Source data:
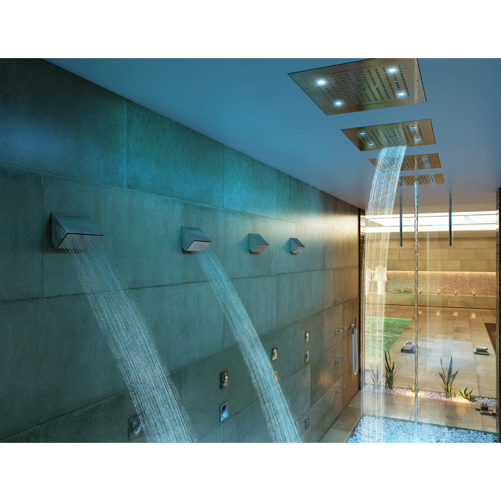 Drömduschhuvud med två jetstrålar i tak med färgterapi
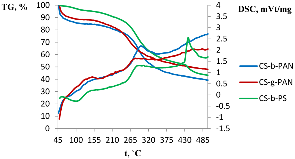 DSC and TGA curves of CS-g-PAN, CS-b-PAN, and CS-b-PS copolymers.
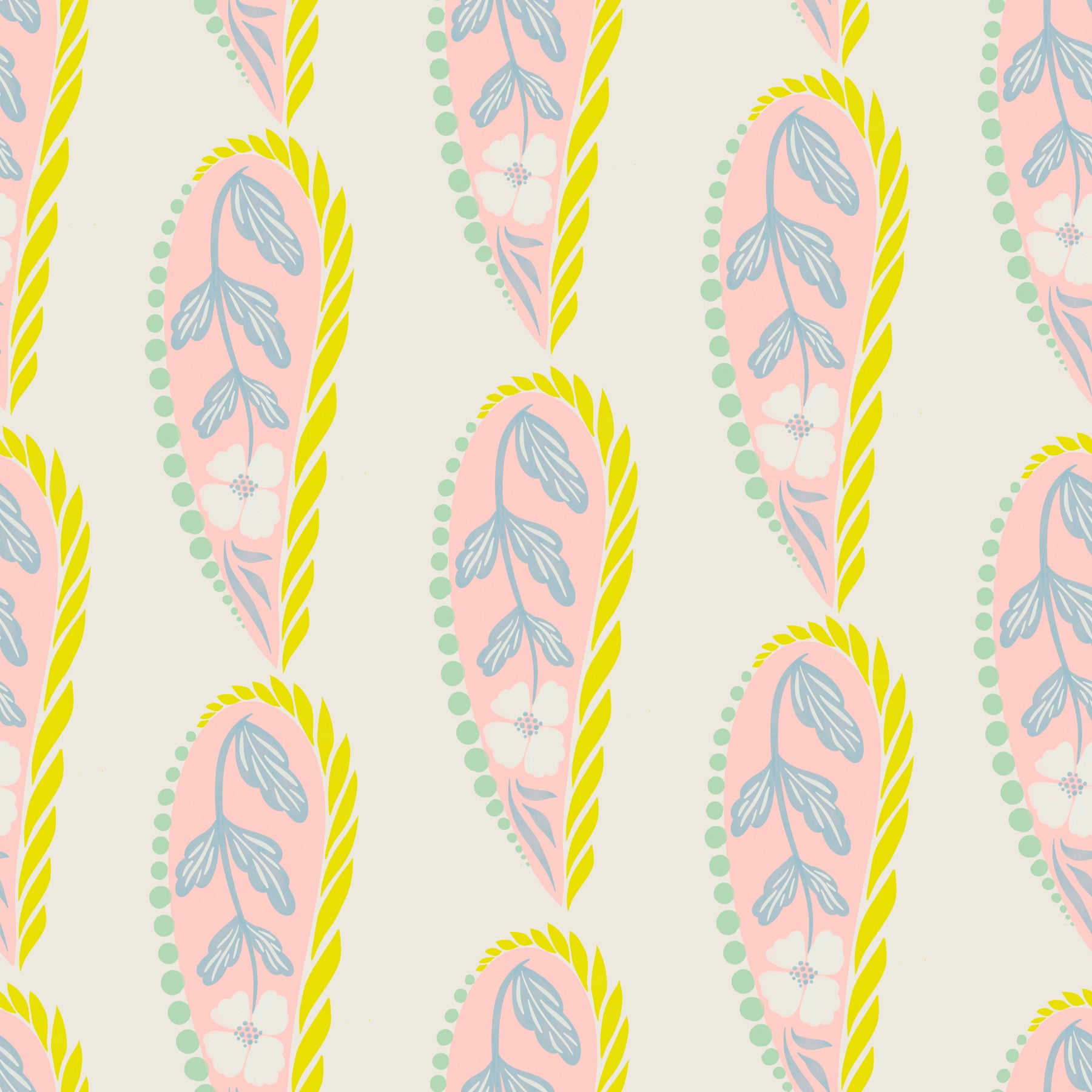 This wallpaper design evokes a sense of serene beauty with its pastel palette and intricate paisley patterns. Delicate floral motifs in soft blues, pinks, and greens are elegantly arranged within a repeating design, creating a whimsical and charming atmosphere. The yellow accents add a touch of vibrancy, while the overall mood remains calm and sophisticated. Perfect for bedrooms, nurseries, or any space where a touch of understated elegance is desired. The seamless pattern ensures a cohesive and visually pleasing look, creating a restful and dreamy ambiance.
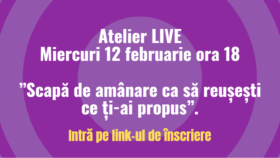 👉 Vino la Atelierul ”Scapă de amânare ca să reușești ce ți-ai propus”.
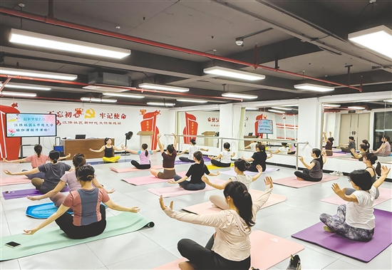江侨社区党支部打造的“益家学堂”已成为党群服务品牌。图为瑜伽课堂现场。
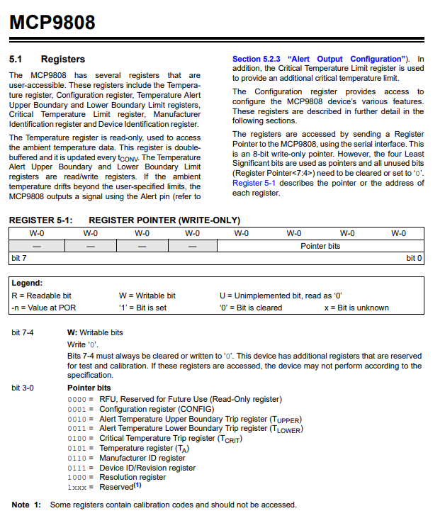 Odczyt temperatury z MCP9808 nie jest taki prosty jak w przypadku np. mojego ulubionego TC74, gdzie wystarczy odebrać jeden bajt z magistrali. Tutaj należy wykonać odczyt dwóch bajtów z danego rejestru. Najpierw wysyłamy adres tego rejestru. Przypominam dostępne adresy:
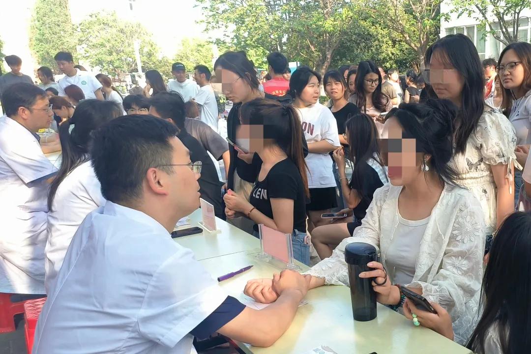 活動(dòng)當(dāng)天,市中醫(yī)院義診團(tuán)隊(duì)匯聚中醫(yī)內(nèi)科、皮膚科、口腔科、男性科、乳腺婦科、針灸推拿科以及中醫(yī)特色療法等多科專家到場(chǎng),活動(dòng)現(xiàn)場(chǎng)人頭攢動(dòng),每個(gè)科室前都排起了長(zhǎng)隊(duì)。專家們耐心細(xì)致地詢問(wèn)病史、查體、開(kāi)具處方,現(xiàn)場(chǎng)解答了師生們的疑問(wèn),并傳授中醫(yī)養(yǎng)生和保健的知識(shí)。
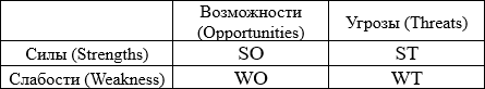 17.На рисунке ниже показана структура SWOT-матрицы. В каком ее поле формируются возможные стратегии – «главные направления стратегического развития организации»? Ответ аргументируйте.
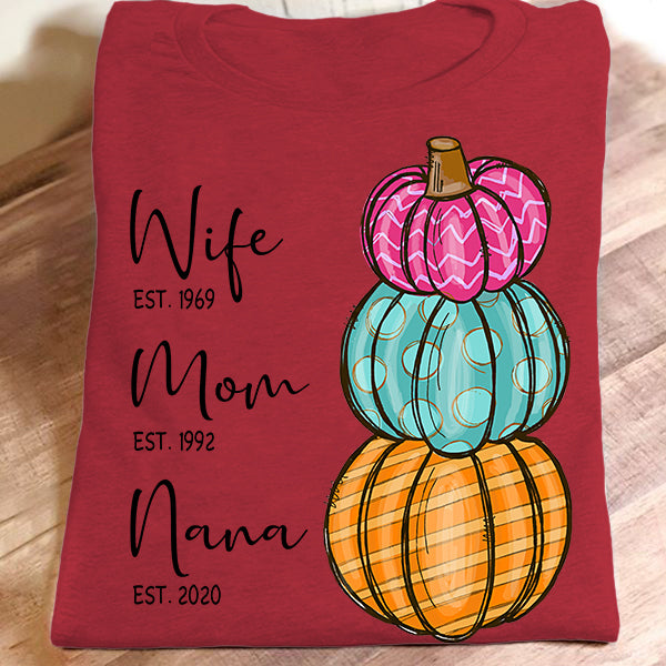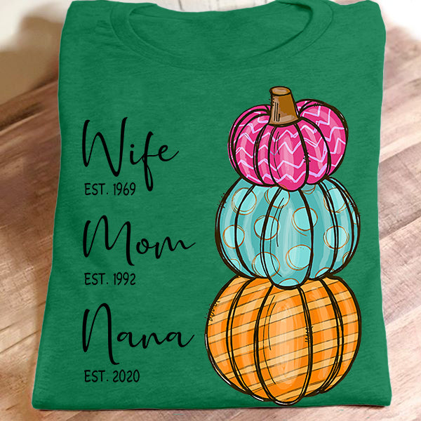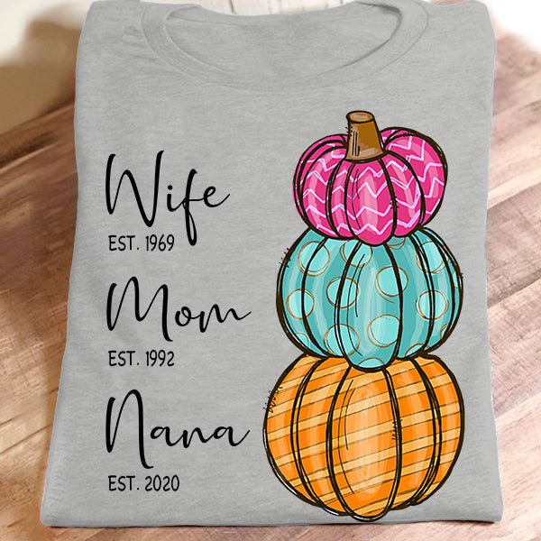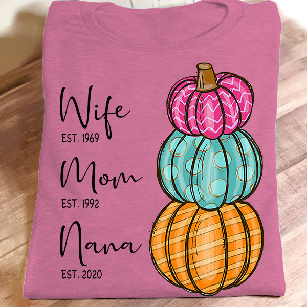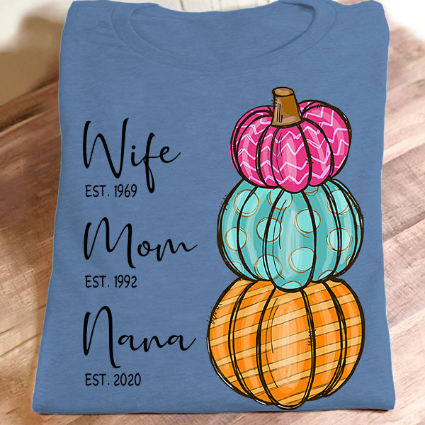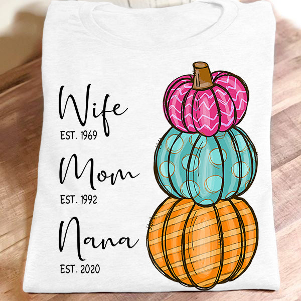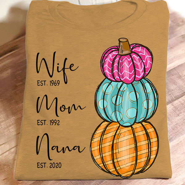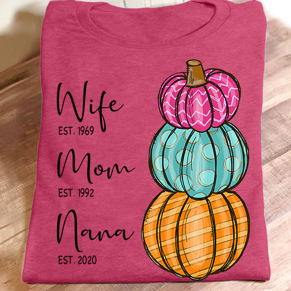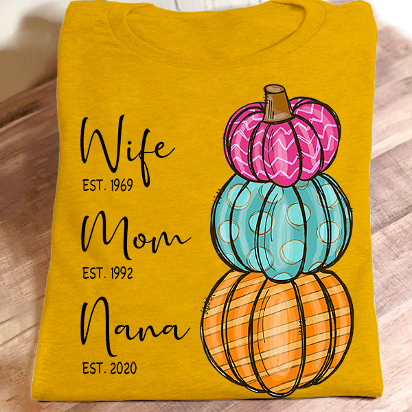 Wife – Mom – Grandma – Est – Pumpkin | Personalized T-Shirt
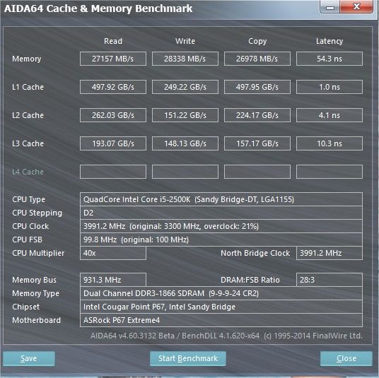 i5 2500k alap kingston hyperx 1600 alapMemória olvasás: 16093 MB/mp

Work request:
Word for word, restate all of the data, but do not copy the pictures.

Answer space:
 Drömduschhuvud med två jetstrålar i tak med färgterapi
 DSC and TGA curves of CS-g-PAN, CS-b-PAN, and CS-b-PS copolymers.
 This wallpaper design evokes a sense of serene beauty with its pastel palette and intricate paisley patterns. Delicate floral motifs in soft blues, pinks, and greens are elegantly arranged within a repeating design, creating a whimsical and charming atmosphere. The yellow accents add a touch of vibrancy, while the overall mood remains calm and sophisticated. Perfect for bedrooms, nurseries, or any space where a touch of understated elegance is desired. The seamless pattern ensures a cohesive and visually pleasing look, creating a restful and dreamy ambiance.
 👉 Vino la Atelierul ”Scapă de amânare ca să reușești ce ți-ai propus”.
江侨社区党支部打造的“益家学堂”已成为党群服务品牌。图为瑜伽课堂现场。
 Odczyt temperatury z MCP9808 nie jest taki prosty jak w przypadku np. mojego ulubionego TC74, gdzie wystarczy odebrać jeden bajt z magistrali. Tutaj należy wykonać odczyt dwóch bajtów z danego rejestru. Najpierw wysyłamy adres tego rejestru. Przypominam dostępne adresy:
 活動(dòng)當(dāng)天,市中醫(yī)院義診團(tuán)隊(duì)匯聚中醫(yī)內(nèi)科、皮膚科、口腔科、男性科、乳腺婦科、針灸推拿科以及中醫(yī)特色療法等多科專家到場(chǎng),活動(dòng)現(xiàn)場(chǎng)人頭攢動(dòng),每個(gè)科室前都排起了長(zhǎng)隊(duì)。專家們耐心細(xì)致地詢問(wèn)病史、查體、開(kāi)具處方,現(xiàn)場(chǎng)解答了師生們的疑問(wèn),并傳授中醫(yī)養(yǎng)生和保健的知識(shí)。
 17.На рисунке ниже показана структура SWOT-матрицы. В каком ее поле формируются возможные стратегии – «главные направления стратегического развития организации»? Ответ аргументируйте.
 Wife – Mom – Grandma – Est – Pumpkin | Personalized T-Shirt
 i5 2500k alap kingston hyperx 1600 alapMemória olvasás: 16093 MB/mp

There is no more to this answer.